Putting the Piece in Place
What is that method? What is the process of growth in the ability to say "Yes" to the new nature and "No" to the old? I found it in Romans 6:11-23. The same faith that believes God about His salvation gives mastery over sinful temptation. Impulse control, according to verses 11-14, is found in treating the old nature as having been crucified with Christ. "Count yourselves dead to sin" means consider yourselves, believe yourselves, realize that you are dead to sin. So I learned to treat my old self as dead, not as my master. I needed to learn to get dressed every morning in the spiritual armor that God provided to protect me from Satan's attacks (Ephesians 6:10–18; see also 1 Peter 2:1; 1 Corinthians 3:2; Colossians 3:1-9; Hebrews 6:1-2).
In practical terms, what does all this mean to be delivered from the power of sin? It means that the living Christ has given my new nature the ability to say "YES!" to Him while it says "NO!" to my old nature's lusts (Titus 2:11). This is God's viewpoint of today's taste of "salvation." He has freed me from sin's absolute rule. My old nature can no longer force me to sin when I am tempted. I am free to say "NO!" "I can do all things through Christ who strengthens me!" (Philippians 4:13). "All things" must include the ability to say "No" to temptation as I say, "Yes" to my Lord. He has given me self-control (Galatians 5:22–23). Any time that I fail to exercise that freedom, it is my own fault for not receiving Christ's power to do so.

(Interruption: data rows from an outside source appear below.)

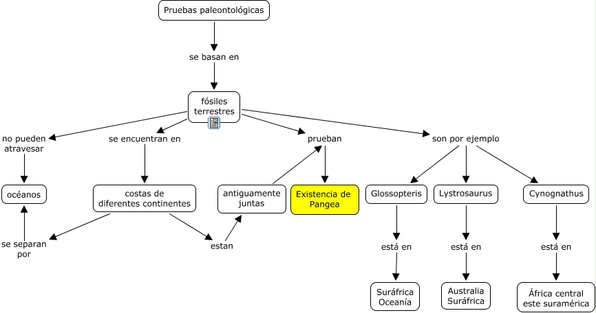 Este Cmap, tiene información relacionada con: pruebas paleontologicas, fósiles terrestres no pueden atravesar océanos, fósiles terrestres prueban Existencia de Pangea, antiguamente juntas prueban Existencia de Pangea, fósiles terrestres son por ejemplo Glossopteris, costas de diferentes continentes estan antiguamente juntas, Pruebas paleontológicas se basan en fósiles terrestres, fósiles terrestres son por ejemplo Cynognathus, Lystrosaurus está en Australia Suráfrica, fósiles terrestres se encuentran en costas de diferentes continentes, Glossopteris está en Suráfrica Oceanía, fósiles terrestres son por ejemplo Lystrosaurus, costas de diferentes continentes se separan por océanos, Cynognathus está en África central este suramérica
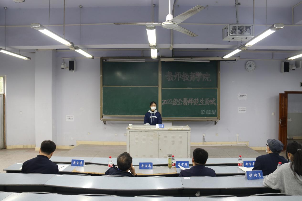 根据公司统一安排和要求,为更好地培养优秀人才,提升公费师范生整体素质,公司于2022年10月30日8:30在博文楼进行2022级公费师范生面试。太阳成集团tyc151cc党总支书记王燮辞,太阳成集团tyc151cc经理、教师教学发展中心主任叶怀凡,党总支副书记王文娟,教师教学发展中心副主任刘箭,副经理赵栅凌,教学科研办公室主任彭静,小学教育教研室主任刘勉,特殊教育教研室主任陈立,副教授张腊梅、张成武担任面试官。2022级公费师范生参加面试。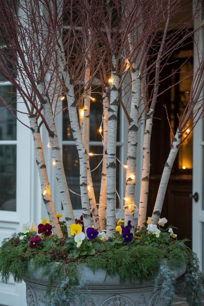 I arrange several branches vertically in the planter, then fill the base with evergreens or winter pansies. Sometimes I wrap battery-operated string lights around the branches for evening ambiance.

The same God that promised forgiveness on the basis of Christ's dying for me, promises Christ's death, resurrection, and living power to free me from bondage to the law of sin and death, and from Satan's power (James 4:7), so I can
choose righteousness! Each time I do, He comes through and wins the battle.

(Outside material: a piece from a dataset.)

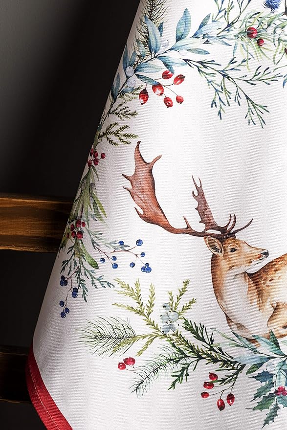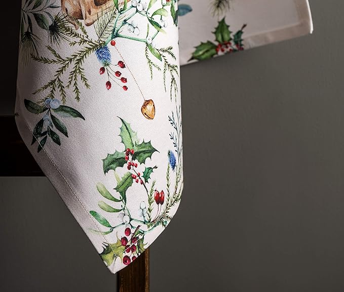 Maison d' Hermine Kitchen Towels Set of 3 100% Cotton 20" x 27.5" Reusable Cloth Tea Dish Towels Absorbent with Hanging Loop for Kitchen Dining Thanksgiving Christmas Decorations (Holly Time)

The Cross and the Empty Grave
Jesus' work in my heart makes himself and his righteous name not only the true objects of my faith, but also my primary passions that overcome my selfish lusts. The integrating keys are my Savior's self-sacrifice and resurrection. He really did die to break sin's power, and He really is alive again to make that power real (Romans 6:10). In every tempting situation, He is saying, "Rely on my real and pure presence and power, keeping my word to give you supremacy over your temptation. This is the victory that I supply. Yes, it is the demonstration of my new life in you, the love for the righteous God that overcomes lustful love for self."

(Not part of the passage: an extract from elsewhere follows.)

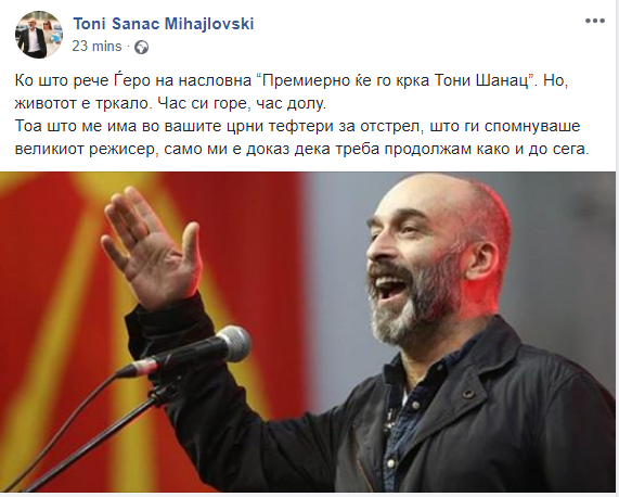 „Ко што рече Ѓеро на насловна ‘Премиерно ќе го крка Тони Шанац’. Но, животот е тркало. Час си горе, час долу. Тоа што ме има во вашите црни тефтери за отстрел, што ги спомнуваше великиот режисер, само ми е доказ дека треба да продолжам како и до сега“, напиша Михајловски на Фејсбук.

The result is praise to God, not only from my heart, but from those who observe His power in my life giving me victory over that old nature. He has peeled off another onion-layer of sinfulness, so as to make me a little more like Him (Romans 8:28–31).
Why I wrote this
I share my experience as an encouragement to those who love Jesus, but who have failed Him by falling into sin. Instead of throwing you out as a failure, He is extending to you His forgiveness and
His power to avoid future failure.
If you recognize that you, too, are "in Christ" (see the first two chapters of Ephesians), then your present need is to repent of your backsliding, and through honest confession (1 John 1:9) return to the Shepherd and Overseer of your soul (1 Peter 2:25). Your gratitude for His patience, His restoring welcome, and the completeness of the salvation that He paid for in His own blood (1 John 2:2) will be in equal but opposite proportion to the despair that you may be feeling. Then this experience of near-despair will prove to be a true gift of God to you, constantly reminding you to treat your old man as dead as you grow in grace and the knowledge of Jesus Christ.